欲望の力っていうのは、ぶっちゃけ侮れないからね。
「おらっ」
うん。さっきよりもかなり重くなった攻撃。低い体勢の俺目掛けて、上から、叩き潰すかの様に剣を叩きつけてくる。セオリー。重力を味方に付けたやり方はやはり強いよね。
俺が今、肩に担いでいるのは、なまくら(聖剣)様。何度見ても……刃が落ち、丸くなり、所々焼け落ちたソレは、剣の形をした鈍器、剣の形をしたただの歪んだ金属の棒、である。
素材になっている金属は色々な意味で謎だけどさ。なんと言っても月之女神カリアが自ら作りだした……神の手によって生み出された超絶レアアイテムだし。そもそも、こんな風に痛む事は無いのよ。自己修復機能も付いてるからね。当然。

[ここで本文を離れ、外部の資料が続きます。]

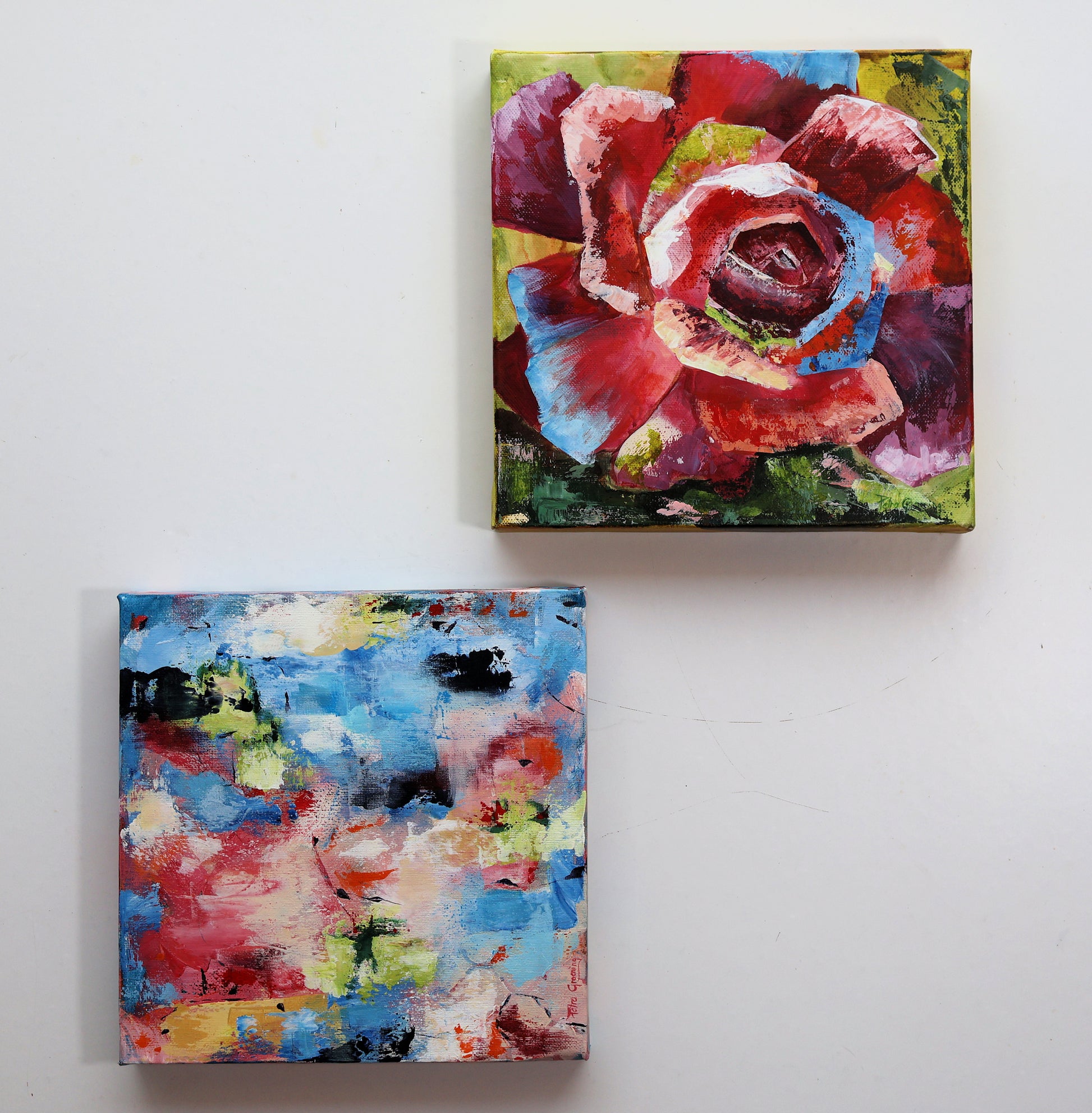 Ready to hang acrylics painting each 25cm x 25cm thick Gallery-wrapped canvas stretched on wood.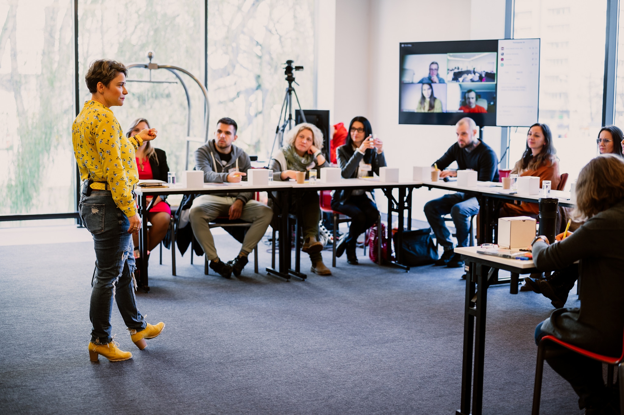 Wirtualna sala to szkolenie online, podczas którego pracujesz razem z trenerem na platformie Zoom. Dzięki ograniczonej liczbie osób, każdy ma możliwość wzięcia udziału w dyskusji, podzielenia się wykonanym ćwiczeniem oraz zadawania pytań trenerowi prowadzącemu na bieżąco.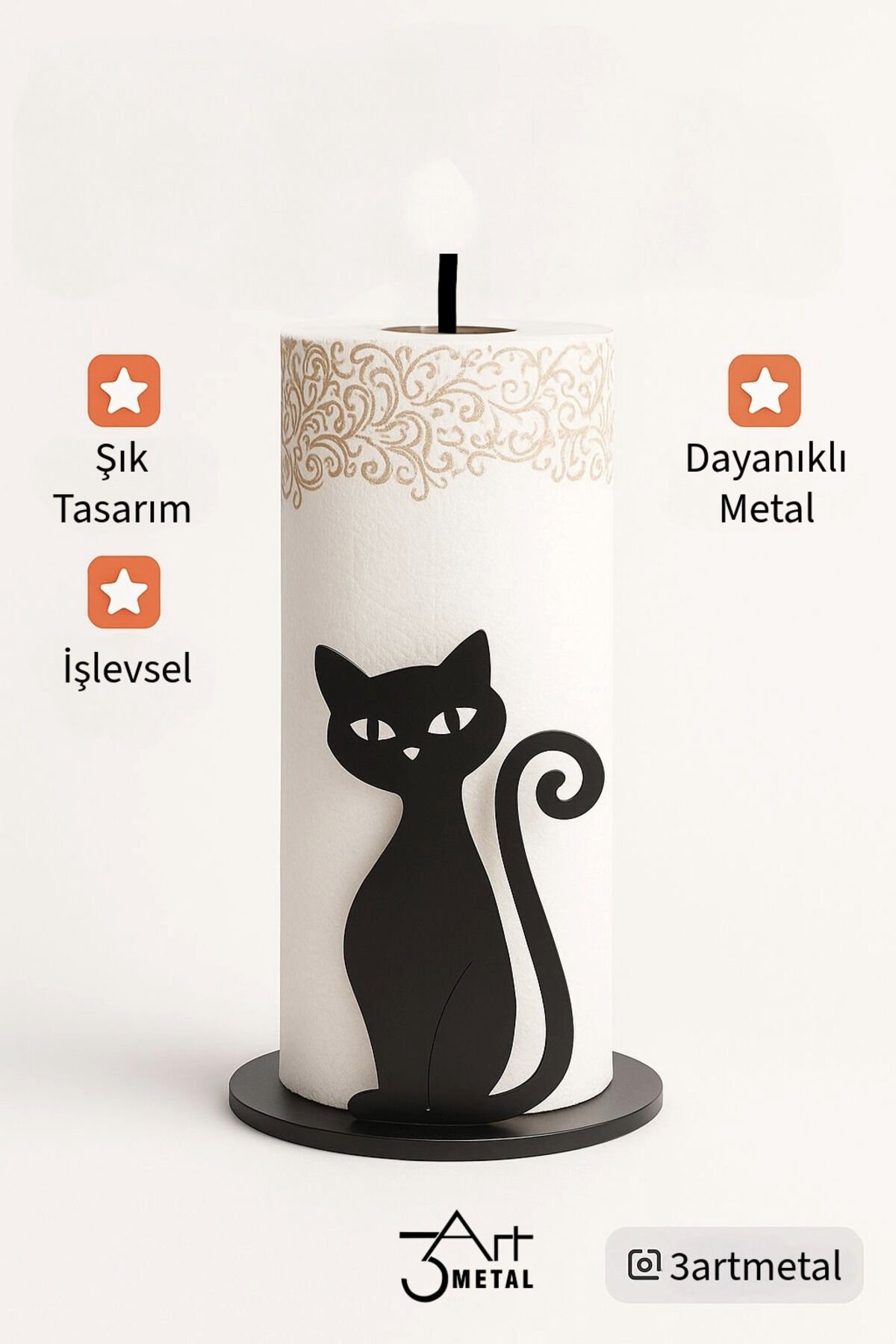 - Şık tasarımıyla banyonuza modern bir dokunuş katan dekoratif metal kağıt havluluk.; - Siyah renk seçeneğiyle her türlü banyo dekorasyonuna kolayca uyum sağlar.; - Nemli bir bez ile kolayca temizlenebilir; pratik kullanım sunar.; - Üretici firması 3art Metal Dekorasyon tarafından kalite standartlarına uygun üretilmiştir.; - Şık tasarımıyla banyonuza modern bir dokunuş ekleyen dekoratif metal kağıt havluluk, günlük kullanımınızda pratiklik sağlar.; - Nemli bir bezle kolayca temizlenebilme özelliği sayesinde hijyenik bir ortam korumanıza yardımcı olur.; - Kağıt havlularınızı düzenli tutmak için ideal olan bu peçetelik, banyonuzda şıklığı ve işlevselliği bir arada sunar.; - Üretiminde kullanılan kaliteli malzemeler ile uzun ömürlü kullanım vaat eder; böylece sık sık değiştirme derdi olmadan rahatça kullanabilirsiniz.; - Yurt içinde üretilmiş olmasıyla yerel ekonomiye katkıda bulunurken aynı zamanda çevreye duyarlı bir tercih yapmış olursunuz.; , .; Peçetelik .; Kağıt Havlu Askısı .; Banyo Askısı : Havluluk

まあ、うん。神同等の敵と戦い続けた結果こうなった……ってことなんだろうけど。それだけ、この剣がここまでになってしまうくらい理解出来ない戦闘が繰り広げられたってことなんだろうけど。
肩に載せたまま、幾度攻撃を受けても、刃が食い込むような事にはならない。なまくらだから。

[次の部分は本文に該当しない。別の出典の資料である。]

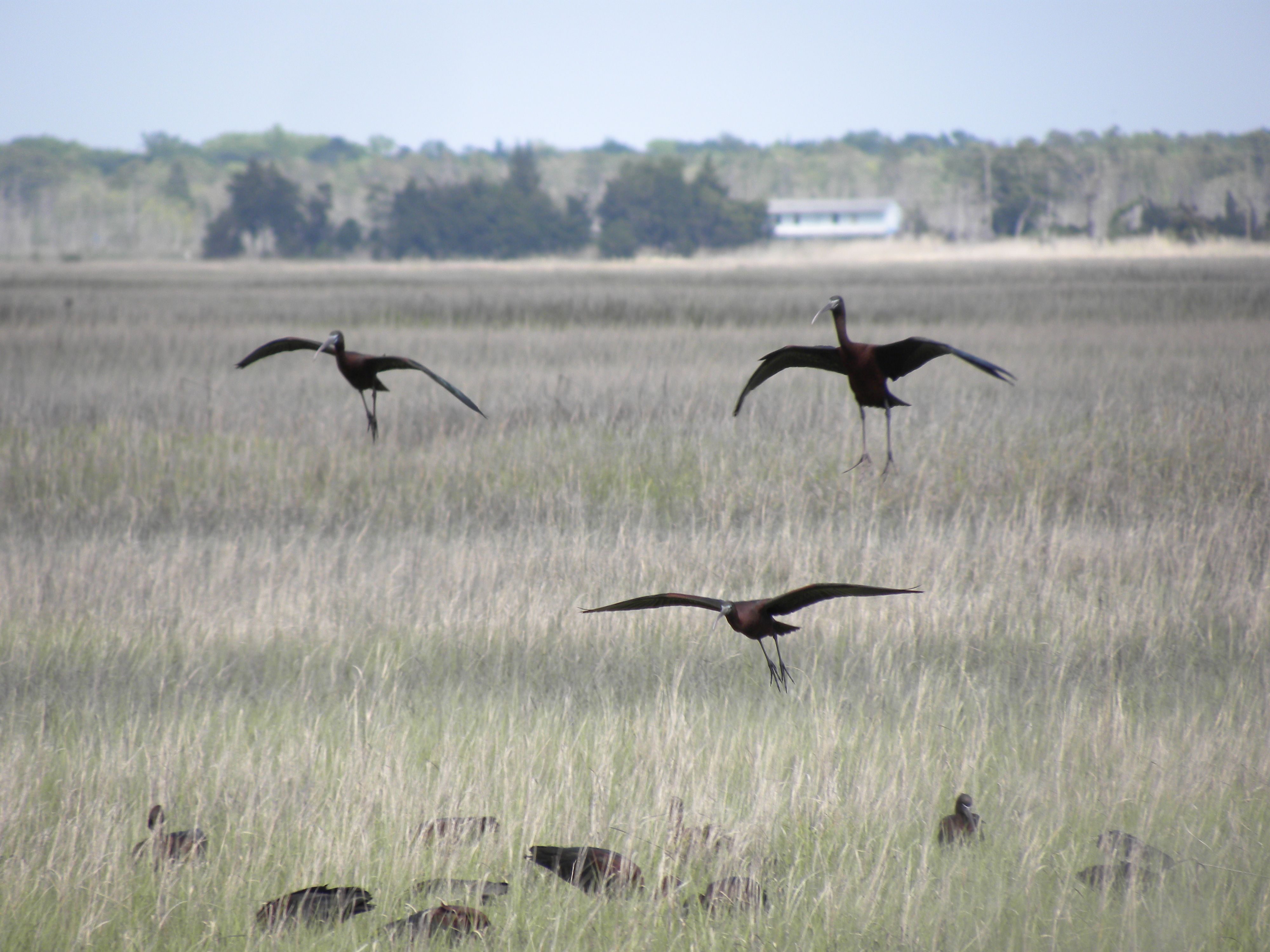 3 Glossy Ibis coming in to join the flock. Cape May N.J.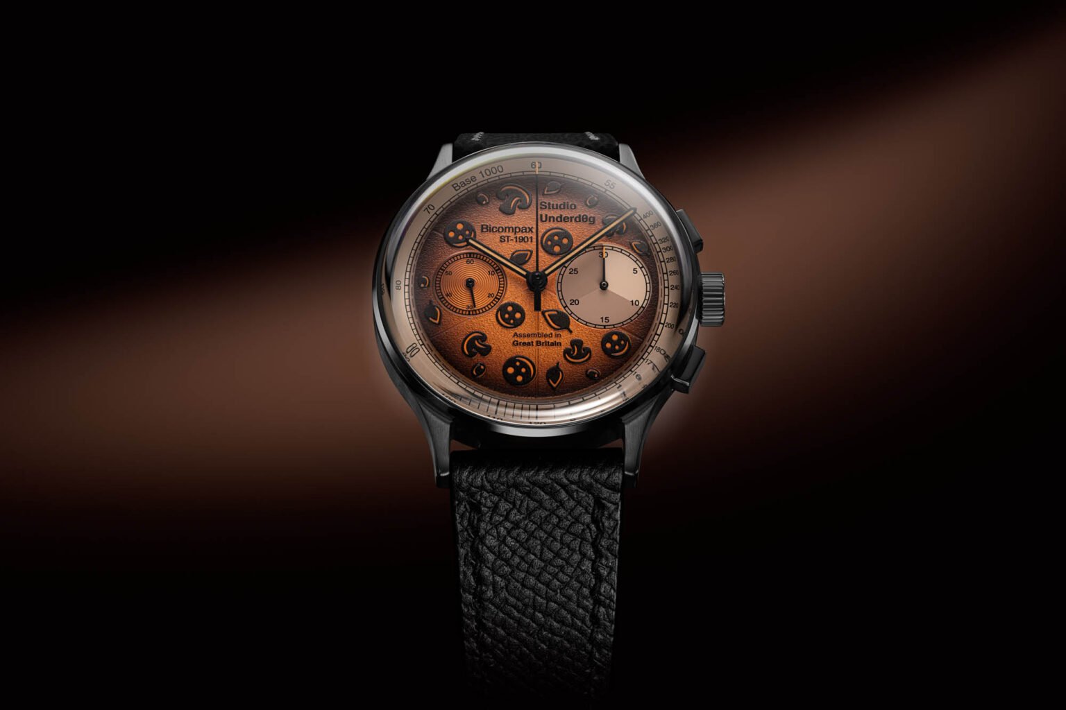 First, there’s Burnt Pepper0ni, a crispy upgrade to the original Pepper0ni model. While you may think this watch is understated at first glance, the real wit of Studio Underd0g comes through upon further inspection. Yes, the PVD-coated black case may look subtle, but with a few toppings, including mushrooms, basil leaves, and pepperoni, decorating the red textured dial, this watch is hardly subtle in its execution of the theme. The Burnt Pepper0ni comes with either a black leather strap from The Strap Tailor or a PVD-coated Milanese mesh bracelet.

逆に、剣の当たる瞬間、若干握りを緩くしたり、角度を変えて当たった時の達成感を薄くしていく。
戦闘中、戦巧者は、攻撃が成功したと感じると、それを成功体験として、次のステップに進もうとする。偽勇者はその手の才能をお持ちの様だ。というか、所々で日本一の所以となる、力量というか、パラメータを見せつけてくるね。うん、それくらいじゃないとね。
まあ、なのでそれを成功させない。何時までも鉄屑を叩いているかの様な焦燥感を感じ続けさせる。この聖剣(なまくら)様の外見も、良い味出しているし。
その辺の細かい戦闘の機微は……まあ、判らないだろうなぁ。偽勇者様には。